Detergents are highly efficient at disrupting the lipid-enveloped viruses, and solvent/detergent (S/D) treatment is a standard method for inactivating viruses present in human blood products [22
]. The effects of both ionic (SDS) and nonionic (Triton X-100 and NP-40) detergents on HCVcc infectivity have been investigated here. All three detergents at the tested concentrations reduced HCVcc infectivity rapidly to undetectable levels (Table ). Importantly, both intracellular HCVcc and those released into culture fluid could be inactivated by each of these detergents, regardless of the presence of human serum, indicating that components of culture medium, human serum or intracellular proteins did not interfere with the disruptive processes exerted by these detergents.
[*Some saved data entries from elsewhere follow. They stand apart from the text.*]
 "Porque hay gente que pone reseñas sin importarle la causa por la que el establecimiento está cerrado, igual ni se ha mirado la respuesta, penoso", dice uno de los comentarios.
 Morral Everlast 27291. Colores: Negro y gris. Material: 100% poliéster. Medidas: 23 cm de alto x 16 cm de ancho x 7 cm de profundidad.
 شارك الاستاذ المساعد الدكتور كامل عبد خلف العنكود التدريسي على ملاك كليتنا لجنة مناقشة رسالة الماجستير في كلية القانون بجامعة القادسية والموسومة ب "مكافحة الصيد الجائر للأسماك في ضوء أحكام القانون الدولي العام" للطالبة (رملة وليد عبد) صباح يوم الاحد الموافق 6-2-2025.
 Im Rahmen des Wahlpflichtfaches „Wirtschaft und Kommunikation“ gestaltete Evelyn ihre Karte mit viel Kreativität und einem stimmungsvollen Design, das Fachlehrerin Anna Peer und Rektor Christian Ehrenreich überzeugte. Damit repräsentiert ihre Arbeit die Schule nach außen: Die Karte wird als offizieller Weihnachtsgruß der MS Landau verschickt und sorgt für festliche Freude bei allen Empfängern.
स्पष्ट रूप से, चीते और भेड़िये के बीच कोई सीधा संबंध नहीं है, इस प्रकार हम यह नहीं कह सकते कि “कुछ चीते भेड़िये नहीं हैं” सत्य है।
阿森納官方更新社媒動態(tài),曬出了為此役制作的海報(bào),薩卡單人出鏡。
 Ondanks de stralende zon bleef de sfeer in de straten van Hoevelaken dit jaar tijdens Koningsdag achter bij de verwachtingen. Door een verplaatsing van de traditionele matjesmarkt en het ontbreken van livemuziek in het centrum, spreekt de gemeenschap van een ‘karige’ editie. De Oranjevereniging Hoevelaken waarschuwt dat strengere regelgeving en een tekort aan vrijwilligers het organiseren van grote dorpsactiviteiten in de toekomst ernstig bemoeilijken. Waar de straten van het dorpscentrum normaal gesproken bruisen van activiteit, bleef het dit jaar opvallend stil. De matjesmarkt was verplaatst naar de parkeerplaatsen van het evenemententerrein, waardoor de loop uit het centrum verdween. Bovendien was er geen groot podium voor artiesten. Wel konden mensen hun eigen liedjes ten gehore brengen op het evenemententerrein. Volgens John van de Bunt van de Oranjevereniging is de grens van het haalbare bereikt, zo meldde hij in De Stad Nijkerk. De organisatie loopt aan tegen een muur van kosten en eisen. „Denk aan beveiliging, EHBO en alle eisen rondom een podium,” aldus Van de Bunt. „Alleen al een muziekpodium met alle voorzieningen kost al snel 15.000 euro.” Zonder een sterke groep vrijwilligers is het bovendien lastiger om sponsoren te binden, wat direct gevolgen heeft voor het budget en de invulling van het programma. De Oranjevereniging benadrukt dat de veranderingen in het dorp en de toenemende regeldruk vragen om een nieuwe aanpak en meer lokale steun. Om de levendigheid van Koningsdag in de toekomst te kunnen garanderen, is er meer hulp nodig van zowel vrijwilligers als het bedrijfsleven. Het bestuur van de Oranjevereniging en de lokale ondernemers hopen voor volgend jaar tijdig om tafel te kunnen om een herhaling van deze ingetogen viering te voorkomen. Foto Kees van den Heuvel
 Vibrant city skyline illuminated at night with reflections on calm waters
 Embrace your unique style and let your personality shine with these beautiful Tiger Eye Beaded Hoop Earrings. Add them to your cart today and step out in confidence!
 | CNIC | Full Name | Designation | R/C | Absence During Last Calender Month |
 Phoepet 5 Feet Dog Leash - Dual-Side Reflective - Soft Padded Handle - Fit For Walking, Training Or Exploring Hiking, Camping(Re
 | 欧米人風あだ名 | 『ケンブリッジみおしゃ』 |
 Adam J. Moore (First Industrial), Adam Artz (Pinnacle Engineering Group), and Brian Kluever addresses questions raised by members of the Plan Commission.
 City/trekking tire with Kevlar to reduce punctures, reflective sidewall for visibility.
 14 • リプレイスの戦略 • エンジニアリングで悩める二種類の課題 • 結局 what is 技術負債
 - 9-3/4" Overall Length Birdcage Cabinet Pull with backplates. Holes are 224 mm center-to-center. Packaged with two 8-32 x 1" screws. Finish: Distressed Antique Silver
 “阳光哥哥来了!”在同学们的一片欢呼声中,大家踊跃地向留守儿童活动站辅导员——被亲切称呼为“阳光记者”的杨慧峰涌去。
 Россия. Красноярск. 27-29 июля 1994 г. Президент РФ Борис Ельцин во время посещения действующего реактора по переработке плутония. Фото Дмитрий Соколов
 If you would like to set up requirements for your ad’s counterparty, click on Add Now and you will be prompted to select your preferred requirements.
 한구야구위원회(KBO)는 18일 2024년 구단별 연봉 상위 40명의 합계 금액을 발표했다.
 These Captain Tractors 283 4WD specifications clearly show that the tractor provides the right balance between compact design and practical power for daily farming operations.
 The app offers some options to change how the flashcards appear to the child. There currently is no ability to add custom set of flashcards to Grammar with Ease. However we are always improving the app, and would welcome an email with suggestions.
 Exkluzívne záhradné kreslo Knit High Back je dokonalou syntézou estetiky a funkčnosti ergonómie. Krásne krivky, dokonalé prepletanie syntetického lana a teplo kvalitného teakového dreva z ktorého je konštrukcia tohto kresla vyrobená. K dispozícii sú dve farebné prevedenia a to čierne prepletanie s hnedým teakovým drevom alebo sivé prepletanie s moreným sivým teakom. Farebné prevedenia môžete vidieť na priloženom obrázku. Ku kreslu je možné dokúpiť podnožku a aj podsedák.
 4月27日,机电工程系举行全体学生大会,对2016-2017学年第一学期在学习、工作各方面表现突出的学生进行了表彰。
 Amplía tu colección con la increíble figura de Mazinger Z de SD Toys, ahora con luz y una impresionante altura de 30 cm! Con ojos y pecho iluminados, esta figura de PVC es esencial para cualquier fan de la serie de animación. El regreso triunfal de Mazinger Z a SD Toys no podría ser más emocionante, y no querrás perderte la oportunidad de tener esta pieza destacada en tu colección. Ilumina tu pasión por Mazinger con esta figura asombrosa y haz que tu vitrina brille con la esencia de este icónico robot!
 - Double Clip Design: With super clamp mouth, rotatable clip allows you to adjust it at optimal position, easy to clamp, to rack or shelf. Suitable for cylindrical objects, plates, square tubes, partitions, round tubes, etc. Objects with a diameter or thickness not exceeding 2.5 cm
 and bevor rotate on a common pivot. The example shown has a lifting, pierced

Under current experimental conditions, effective HCVcc inactivation took place immediately after vortex-mixing, rendering it impossible to delineate the kinetics of viral infectivity reduction during the detergent treatment process. This finding is reminiscent of that reported for HIV in a previous study, which demonstrated that HIV-1 spiked in solution containing 1% Triton X-100 was inactivated completely within 1 min [23
]. As in the case of the aldehyde-inactivation experiments, the cytotoxic effect of detergents limited the sensitivity of the current assays. Interestingly, although 0.0005% Triton X-100 and 0.0005% NP-40 had no detectable effect on cell viability (Figure ), they still lowered HCVcc infectivity by 1.7- to 2.5-fold when the latter was compared with those determined in the presence of 0.001% SDS or without any detergent (Table ). Most likely, the residual Triton X-100 or NP-40 still had some disruptive effect on virion integrity, which is important for viral infectivity. Alternatively, these detergents may have caused some cell surface alterations at this extremely low concentration that affect the process of HCVcc entry. However, to maintain the sensitivity of the assay, the detergent-treated samples were not diluted further for the infectivity test. Collectively, the robustness and immediate action of detergents in destroying HCVcc infectivity support the use of S/D treatment procedures in eliminating potential HCV contaminations in blood products.